Work request:
Leaving out the pictures, return word for word the stretch of entries below from the line holding "Спинка и перед: между" through the line holding "需要在域名服务商管理控制台添加 pop3.pieruo.com 和".

Material for this task:
>>>

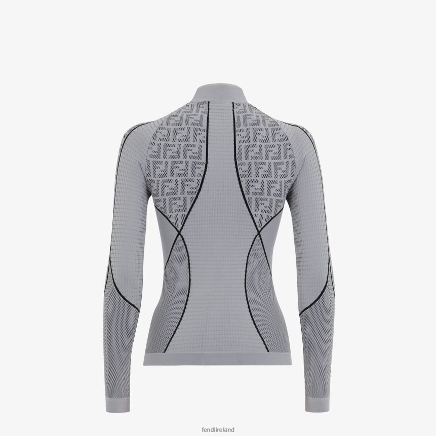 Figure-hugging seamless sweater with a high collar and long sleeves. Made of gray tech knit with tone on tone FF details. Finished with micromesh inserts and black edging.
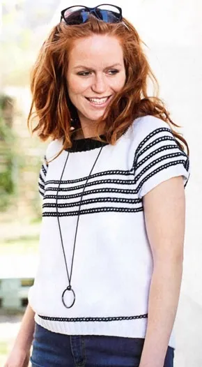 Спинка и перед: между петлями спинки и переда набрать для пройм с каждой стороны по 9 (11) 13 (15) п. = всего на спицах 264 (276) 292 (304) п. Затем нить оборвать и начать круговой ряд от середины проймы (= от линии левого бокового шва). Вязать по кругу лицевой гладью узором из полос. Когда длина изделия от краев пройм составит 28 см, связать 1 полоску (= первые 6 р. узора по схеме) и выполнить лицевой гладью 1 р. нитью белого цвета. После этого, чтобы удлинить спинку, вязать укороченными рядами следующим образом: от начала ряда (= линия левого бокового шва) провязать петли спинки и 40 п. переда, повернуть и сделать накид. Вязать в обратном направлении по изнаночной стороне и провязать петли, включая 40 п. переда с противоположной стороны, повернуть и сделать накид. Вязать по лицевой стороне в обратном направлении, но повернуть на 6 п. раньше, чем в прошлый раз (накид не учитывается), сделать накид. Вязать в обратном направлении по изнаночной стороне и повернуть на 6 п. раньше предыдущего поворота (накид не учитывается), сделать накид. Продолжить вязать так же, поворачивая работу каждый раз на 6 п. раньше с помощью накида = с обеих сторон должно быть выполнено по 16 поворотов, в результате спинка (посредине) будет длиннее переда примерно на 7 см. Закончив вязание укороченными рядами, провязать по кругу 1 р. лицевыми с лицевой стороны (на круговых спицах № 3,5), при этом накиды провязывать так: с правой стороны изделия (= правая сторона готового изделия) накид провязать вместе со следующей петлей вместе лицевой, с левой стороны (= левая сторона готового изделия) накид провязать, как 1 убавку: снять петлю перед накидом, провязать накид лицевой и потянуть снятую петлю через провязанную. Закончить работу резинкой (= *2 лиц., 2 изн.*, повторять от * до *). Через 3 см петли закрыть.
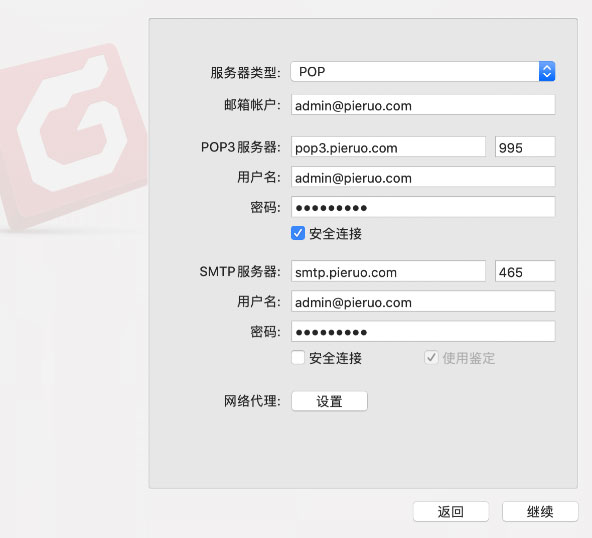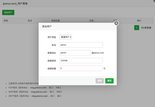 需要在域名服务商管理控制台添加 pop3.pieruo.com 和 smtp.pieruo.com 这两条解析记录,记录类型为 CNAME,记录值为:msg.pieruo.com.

<<<
>>>

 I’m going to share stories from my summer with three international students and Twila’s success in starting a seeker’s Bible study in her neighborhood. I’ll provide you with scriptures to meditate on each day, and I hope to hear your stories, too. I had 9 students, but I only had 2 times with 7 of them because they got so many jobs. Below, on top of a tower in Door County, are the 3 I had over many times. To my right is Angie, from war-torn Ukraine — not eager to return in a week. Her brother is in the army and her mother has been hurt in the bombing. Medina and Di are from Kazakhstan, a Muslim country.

<<<

Exercise answer:
 Спинка и перед: между петлями спинки и переда набрать для пройм с каждой стороны по 9 (11) 13 (15) п. = всего на спицах 264 (276) 292 (304) п. Затем нить оборвать и начать круговой ряд от середины проймы (= от линии левого бокового шва). Вязать по кругу лицевой гладью узором из полос. Когда длина изделия от краев пройм составит 28 см, связать 1 полоску (= первые 6 р. узора по схеме) и выполнить лицевой гладью 1 р. нитью белого цвета. После этого, чтобы удлинить спинку, вязать укороченными рядами следующим образом: от начала ряда (= линия левого бокового шва) провязать петли спинки и 40 п. переда, повернуть и сделать накид. Вязать в обратном направлении по изнаночной стороне и провязать петли, включая 40 п. переда с противоположной стороны, повернуть и сделать накид. Вязать по лицевой стороне в обратном направлении, но повернуть на 6 п. раньше, чем в прошлый раз (накид не учитывается), сделать накид. Вязать в обратном направлении по изнаночной стороне и повернуть на 6 п. раньше предыдущего поворота (накид не учитывается), сделать накид. Продолжить вязать так же, поворачивая работу каждый раз на 6 п. раньше с помощью накида = с обеих сторон должно быть выполнено по 16 поворотов, в результате спинка (посредине) будет длиннее переда примерно на 7 см. Закончив вязание укороченными рядами, провязать по кругу 1 р. лицевыми с лицевой стороны (на круговых спицах № 3,5), при этом накиды провязывать так: с правой стороны изделия (= правая сторона готового изделия) накид провязать вместе со следующей петлей вместе лицевой, с левой стороны (= левая сторона готового изделия) накид провязать, как 1 убавку: снять петлю перед накидом, провязать накид лицевой и потянуть снятую петлю через провязанную. Закончить работу резинкой (= *2 лиц., 2 изн.*, повторять от * до *). Через 3 см петли закрыть.
 需要在域名服务商管理控制台添加 pop3.pieruo.com 和 smtp.pieruo.com 这两条解析记录,记录类型为 CNAME,记录值为:msg.pieruo.com.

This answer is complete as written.